Okay, so here’s how my whole MOSFET swap mess went down. I had this old pedalboard power supply project gathering dust in the garage – classic “I’ll finish it later” situation. Finally dug it out last week, fired up the circuit, and bam. Dead. Traced it back to that tiny BS170 FET acting like a brick wall. Zero flow.

The Replacement Hunt Begins
First stop was my usual online supplier. Typed in BS170 like I always do, ready to hit “Buy 10.” But nah. Backorder notice. Checked three other sites – same story. Either out of stock or crazy expensive for what it is. Felt like hunting for unicorns. Annoying, right? So I mumbled, “Screw it, gotta find something else that’ll work.”
Digging Through the Junk Drawer (Literally)

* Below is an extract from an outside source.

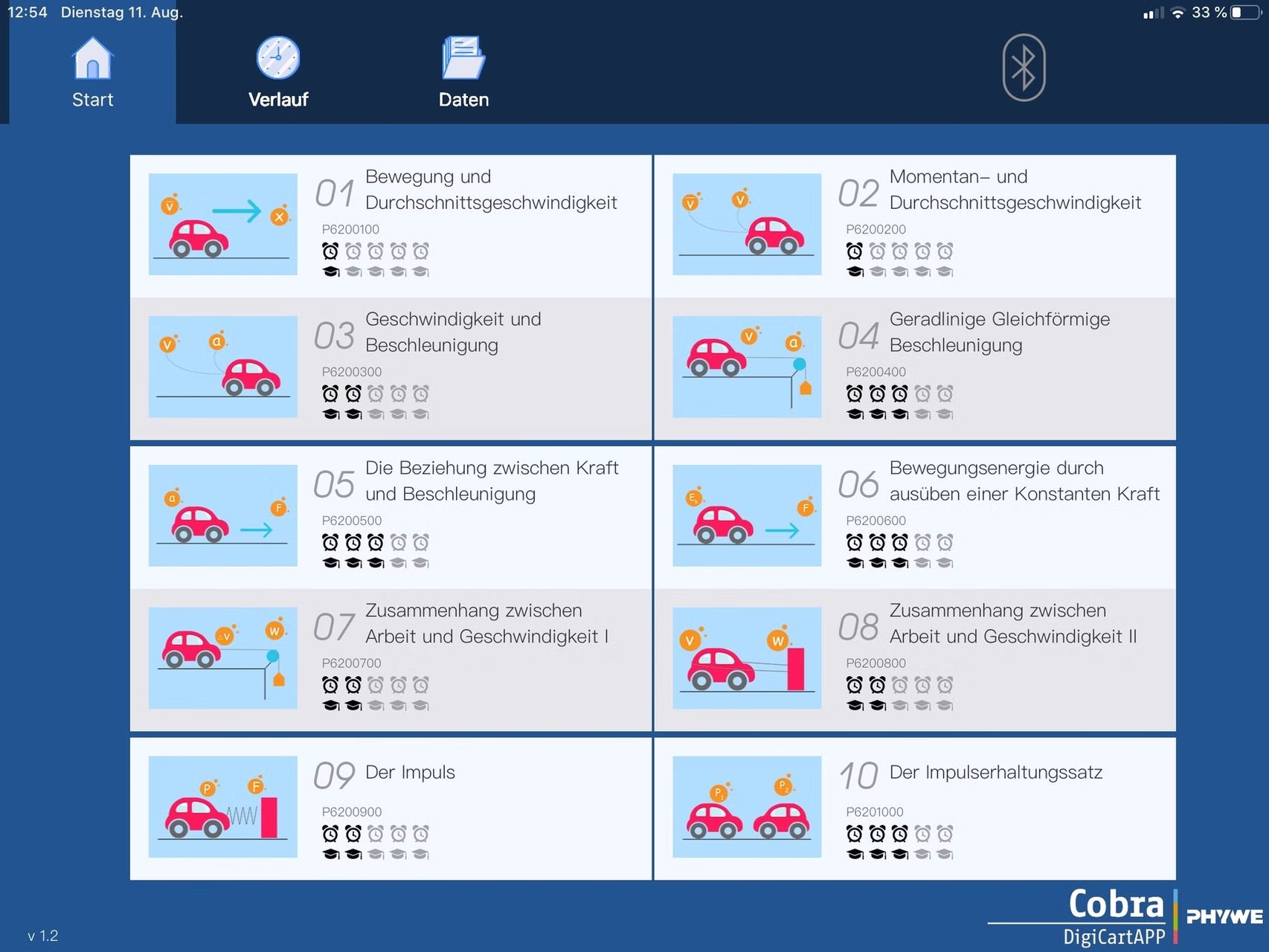 Wie verhält sich ein gleichmäßig beschleunigtes Fahrzeug? Was passiert, wenn ein Fahrzeug abgebremst wird? Antworten auf diese und viele weitere Fragen enthalten Sie über die 12 integrierten Versuchsbeschreibungen, die Sie mit dem Cobra DigiCart und der PHYWE DigiCartAPP durchführen können.

Started pulling open every plastic bin labeled “Electronics Misc.” We all have that graveyard of parts. Found a bunch of FETs in antistatic foam – 2N7000s, IRF510s, even some IRLZ34Ns. But specs? Nah, half the labels faded or missing. Googled datasheets like a madman comparing numbers:
- Voltage rating: Needed at least 60V.
- Current handling: Pedal draws under 500mA.
- Gate Threshold: Had to play nice with 5V logic.

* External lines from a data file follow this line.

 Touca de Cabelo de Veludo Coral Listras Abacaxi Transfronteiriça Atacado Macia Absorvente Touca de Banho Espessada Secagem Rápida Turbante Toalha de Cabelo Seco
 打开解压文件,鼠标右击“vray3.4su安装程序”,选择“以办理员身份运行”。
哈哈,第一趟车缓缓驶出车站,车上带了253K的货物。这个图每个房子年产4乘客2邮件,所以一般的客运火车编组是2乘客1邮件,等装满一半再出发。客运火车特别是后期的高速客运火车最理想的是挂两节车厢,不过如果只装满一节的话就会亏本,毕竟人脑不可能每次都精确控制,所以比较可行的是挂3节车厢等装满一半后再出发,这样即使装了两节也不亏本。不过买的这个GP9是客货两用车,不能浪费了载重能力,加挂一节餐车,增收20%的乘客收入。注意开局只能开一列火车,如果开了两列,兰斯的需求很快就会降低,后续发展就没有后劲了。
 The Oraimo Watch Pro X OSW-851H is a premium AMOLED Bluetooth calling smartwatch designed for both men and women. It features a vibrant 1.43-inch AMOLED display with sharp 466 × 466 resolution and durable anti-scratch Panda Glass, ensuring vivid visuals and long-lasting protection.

Felt like doing homework instead of fixing stuff.
Bench Testing Chaos
Grabbed the three closest suspects: a 2N7000 (classic), a ZVP2106A (random find), and a BS250 (weird P-channel, but gave it a shot). Hooked ’em up one by one to a breadboard with a dummy load resistor and my power supply.
Trial 1: The 2N7000

Powered on… and smoke. Not the good kind. Fried immediately. That “60V” rating lied hard. Cheap junk.
Trial 2: The BS250
Wired it backwards because P-channel. Duh. Fixed that… and it barely switched. Like pushing a car uphill. Useless.
Trial 3: ZVP2106A
This one surprised me. Handled 60V no sweat. Gate clicked on at 3V cleanly. No magic smoke. Measured voltage drop across load – almost identical to the dead BS170. Eyebrow raised.

The Real World Shakedown
Couldn’t trust the bench test alone. Soldered the ZVP2106A into the actual pedal supply circuit. Plugged in a distortion pedal, then a delay. Voltage stayed rock steady. Felt the FET – lukewarm, no panic heat. Left it cooking for an hour. Still alive. Did a happy-dance-wiggle at the workbench.
The Verdict (For Now)
So yeah, the ZVP2106A saved my dumb project. Is it the perfect BS170 twin? Nah. Slightly higher gate capacitance, but the pedals didn’t care. Moral? When your “go-to” part ghosts you, dig deeper. Sometimes the random thing in your bin just works. And now my doom-metal riffs stay powered. Win.